Though the idea of Google as a handset manufacturer was a bit far
fetched, the Googleplex have since made it clear that mobile phones are a place the company sees itself in the
future - maybe as a platform player.
We've already reported the news that Google has started testing the AdSense platform on mobile Web sites, now a report in The Wall Street Journal claims the company is developing a search service specifically for cell phone content.
That's not the regular Web content you frequent with your PC, but
ringtones, games and other specifically mobile content usually pushed
to subscribers in a walled garden approach or through marketing
campaigns either on their PCs or in more traditional media such as
magazines and TV commercials.
The WSJ claims Google wants to take mobile search beyond the
traditional Google home page delivered over mobile Internet and has
visions of itself becoming a gateway that not only finds your content
but helps you pay for it also.
The new system would, for example, let you search for a
ringtone, select from a list of providers and offer up the link to buy
the content online. Of course, the search results would ultimately
include "sponsored links" in much the same way it offers text link
adverts on its Web search engine results.
"Overall, the service would work much like the Google Product Search
service, formerly known as Froogle," claims the story and the Gmail
email service could act as a place to exchange content.

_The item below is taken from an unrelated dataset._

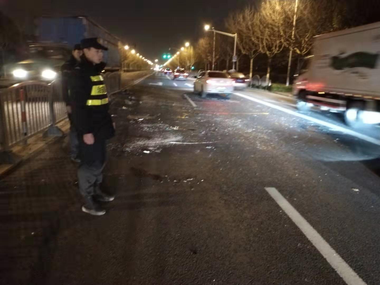 當晚19:20,宗保駐金橋輔警項目隊員張祿祿、高景在申江路地鐵站附近巡邏時(shí),突然聽(tīng)到一聲巨響,兩人聞聲趕去,原來(lái)發(fā)生了一起交通事故。一輛小型面包車(chē)撞在馬路中間的護欄上,發(fā)生了側翻,導致護欄大面積損壞。車(chē)內只有駕駛員一人,詢(xún)問(wèn)駕駛員,表示無(wú)大礙。

According to the report, it turns out this is a little harder
to organise than you might expect. The report says that Google has been
cooperating with large content owners and some content aggregators to
try to get all this content searcheable online, but there's been a few
delays caused by technical hiccups.
Rather than technical hurdles, one would think the project would be set
back by competitive stumbling blocks as traditional players fight to
maintain control over the customer's spending.
If Google, as you would expect, brings PayPal and/or its own Checkout
service into the equation, groundsmen in the walled garden are not
going to be happy. What remains to be seen is whether Google is
planning a predatory assault intended to gain control over mobile
payments an area traditionally monopolised by the carriers.
It should make for interesting reading. Apart from the Net
Neutrality fights Google has been having with cable companies in the
U.S. over the past year or two, a new battleground has opened up
concerning the regulation of wireless spectrum which incumbent carriers
believe they have a natural right to.